Страница 10 из 13
– Да. Вы правы, я не хочу, чтобы он уезжал. Боюсь потерять его. А еще этот его приятель… Он не внушает мне доверия.
– А кто он?
– Программист. Артур Пирогов… Они учились в одной школе. Все оторваться друг от друга не могут.
– Мне кажется, вы преувеличиваете. Пусть посмотрит мир. Пусть определится.
– Ох уж этот мне мир… Нельзя объять необъятное… Он этого не понимает пока. Там все такие же постмодернисты, как и мы… Есть редкие исключения. Но они обитают в уютных кабинетах и на кафедрах философии, а не в повседневной жизни.
– Ну так пусть он это поймет. Только сам.
Василиса немного успокоилась и с интересом смотрела на Николая.

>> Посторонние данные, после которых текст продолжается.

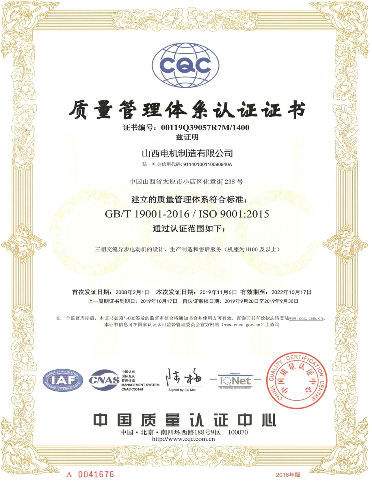 山西電機制造有限公司是一家具有70多年歷史,專業(yè)研發(fā)制造三相異步電動機的老牌國有企業(yè),注冊資金26250萬元,現(xiàn)有在崗職工一千余人。2014年5月完成整體搬遷改造,現(xiàn)址位于太原市小店區(qū)化章街238號,新增設(shè)備投資約5個億,整體裝備水平得到大幅提高。公司深度融合技術(shù)創(chuàng)新與精工制造,成功躋身"國家級高新技術(shù)企業(yè)"行列,并榮獲"省級專精特新中小企業(yè)"認(rèn)證。作為中國電器工業(yè)協(xié)會中小型電機分會副理事長單位,公司持續(xù)踐行質(zhì)量強企戰(zhàn)略,相繼獲評國家級AAA企業(yè)信用等級、山西省"守合同重信用"企業(yè),榮膺"中國最具影響力品牌企業(yè)"稱號。通過了質(zhì)量管理體系、環(huán)境管理體系、職業(yè)健康安全管理體系認(rèn)證,以及能源管理與知識產(chǎn)權(quán)管理體系認(rèn)證。產(chǎn)品憑借卓越品質(zhì)斬獲"山西省名牌產(chǎn)品"殊榮,在行業(yè)內(nèi)樹立起極具辨識度的品牌標(biāo)桿,贏得市場廣泛認(rèn)可與信賴。

– Ладно… А как ваши успехи? – спросила она.
– Действительно… Какие-то успехи или подвижки точно появились… Спасибо, что позволили поработать в квартире отца. Это мне очень помогает… Вечером я опять отправлюсь туда.
– Хорошо…
– У меня есть пара вопросов.
– Да. Я вас слушаю.
– Я натолкнулся там на несколько интересных писем…

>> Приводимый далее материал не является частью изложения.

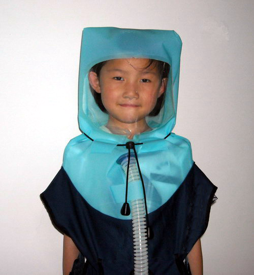 適合兒童(3—8歲)使用,為有效回避戰(zhàn)爭(zhēng)毒氣或有害環(huán)境而設(shè)計(jì)的防毒面罩。利用送風(fēng)機(jī)將外部空氣通過濾毒罐送入頭罩內(nèi),形成密閉正壓,使得呼吸方便,活動(dòng)無不適現(xiàn)象。

Василиса переменилась в лице, стала сосредоточенной, но старалась не выдавать эмоций.
– О каких письмах идет речь? – спросила она.
– О письмах вашего дедушки и дяди Константина.
Она опустила глаза.
– Понимаю… Вы хотите знать, кто такие Веселов, Леонидов и Пугачев?

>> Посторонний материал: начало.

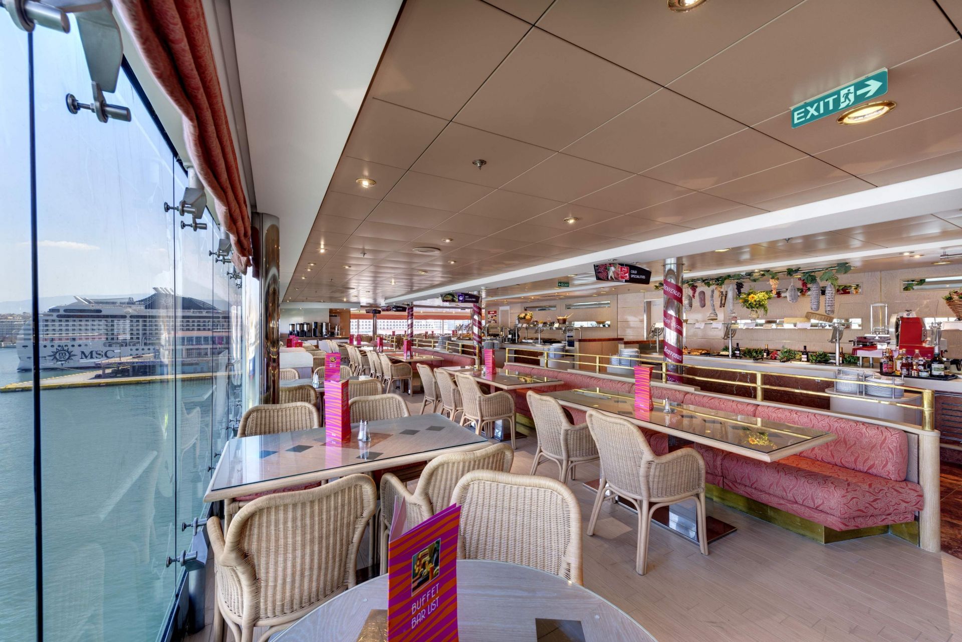 2 основни ресторанта, бюфет ресторант, пицария, суши бар, 8 тематични бара, 2 бара на откритите палуби, сладоледен бар с италиански сладолед.
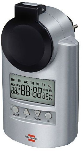 | Besonderheiten | extra großes Display, 20 Ein-/Aus-Programme mit Wochentag-, Stunden- und Minuten-Einstellung, Einfache 4-Knopf Bedienung, Datenspeicher bei Stromausfall |

– Про Пугачева я так уже все узнал… Один из комиссаров по культуре, председатель Комиссии по искусству Ленинграда в 1936–37-м годах. Расстрелян в 1938 году.
Василиса сдвинула брови и мрачно посмотрела на Краснова.
– Говорите как есть… – сказала она. – Не расстрелян в 1938 году, а расстрелян по доносу моего деда – Семена Волкова.
– Да.
– Вы думаете, Пугачев один в этом списке?
– Не знаю…
– Зато я знаю… Я много чего знаю… Говорить об этом очень тяжело. Все это лежит на мне… На Игоре… Будет лежать на его детях… Они думали, что сносят старую жизнь и строят новую… Нет… Они сносили мою жизнь… Жизнь Игоря… Даже вашу жизнь, Николай… Жизнь будущих поколений. Все эти церкви, на которые охотился мой дед, напоминают души, белые прозрачные души ушедших в небытие людей, чьи судьбы были решены благодаря вот таким письмам…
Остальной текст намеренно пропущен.